ANTLR (ANother Tool for Language Recognition) is a powerful parser generator for reading, processing, executing, or translating structured text or binary files.

http://antlr.org

BSD 3-Clause "New" or "Revised" License

17.11k stars 3.28k forks source link

[CPP] Cache keep growing and will not be reset while parsing multiple files, just behaves like memory leak #2182

Open garzon opened 6 years ago

garzon commented 6 years ago

Reference: https://github.com/antlr/antlr4/issues/499 At first I thought it was memory leak, however I finally find out that it is a case that the "cache" will not be release and soon grow to hundreds megabytes(with keeping the reference to a lot of ATNConfig and DFAState) after parsing some files.

I come up with a way to bypass that, like this, in grammar files for both lexer and parser:

@lexer::members {
void cleanCache() {
    _interpreter->clearDFA();
    _sharedContextCache.clear();
}
}

and call this method every time before I parse a file.

Maybe something like this method should be provided by runtime library, since the cache members are both static private and I cannot find any document about this problem.

mike-lischke commented 6 years ago

This is not related to the C++ target alone, but a general problem.
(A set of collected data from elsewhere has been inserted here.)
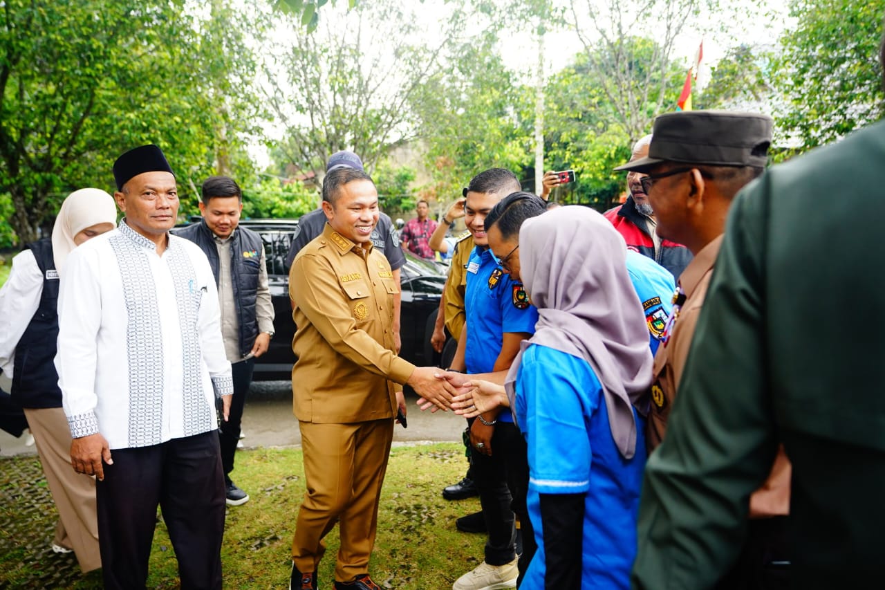 Gubri Abdul Wahid menyalami warga saat menghadiri acara pasar murah.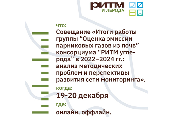 19−20 декабря в гибридном формате пройдет совещание "Итоги работы группы “Оценка эмиссии парниковых газов из почв” консорциума “РИТМ углерода” в 2022−2024 гг.: анализ методических проблем и перспективы развития сети мониторинга".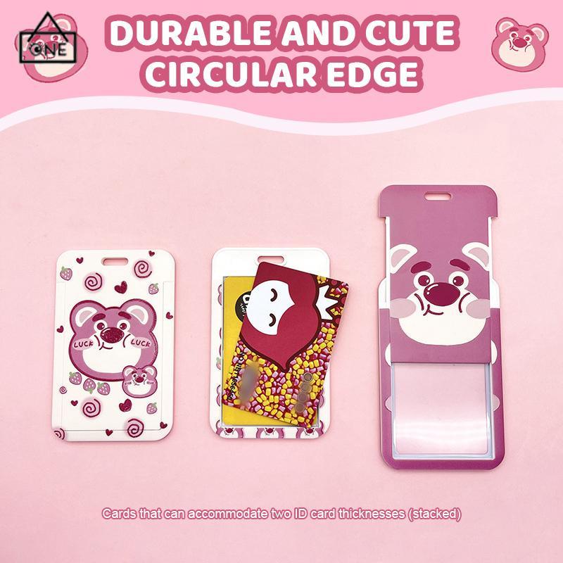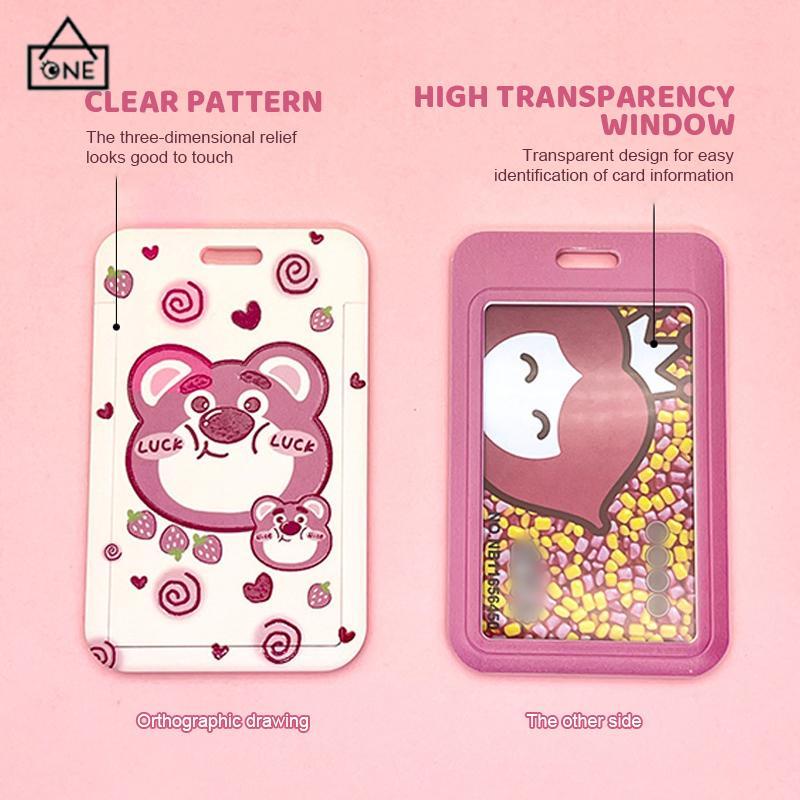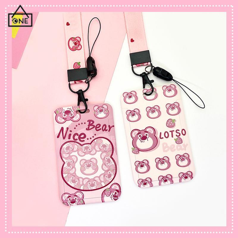 Buku & Alat Tulis > Perlengkapan Sekolah & Kantor > Lanyard & Name Tag > COD❤️Strawberry Bear Slid Cover Plastik Kartun Set Kartu Mahasiswa Kampus Kartu Tali Panjang Pelindung-A.one

A cache usually is used to avoid doing things mulitple times, but use results from a previous run to be fast. Clearing the cache counters that and will hence lower the parse performance.

What needs to be done IMO is to review the approach in general and find a balance between speed and memory consumption.

chund commented 6 years ago

Anyway it would be great to have such functions at least in debug build to verify memory leaks in own code (The ANTLR caches produce a lot of noise) Is it sufficient to clear the mentioned, or is there more?

chund commented 6 years ago

I have added the following to my .g4 file, and called it after parsing. But it does not yet seem to clear all cached data:

//custom extension of lexer object @lexer::members { void cleanCache() { std::lock_guard lck(_mutex); _interpreter->clearDFA(); _sharedContextCache.clear(); } }

//custom extension of parser object @parser::members { void cleanCache() { std::lock_guard lck(_mutex); _interpreter->clearDFA(); _sharedContextCache.clear(); } }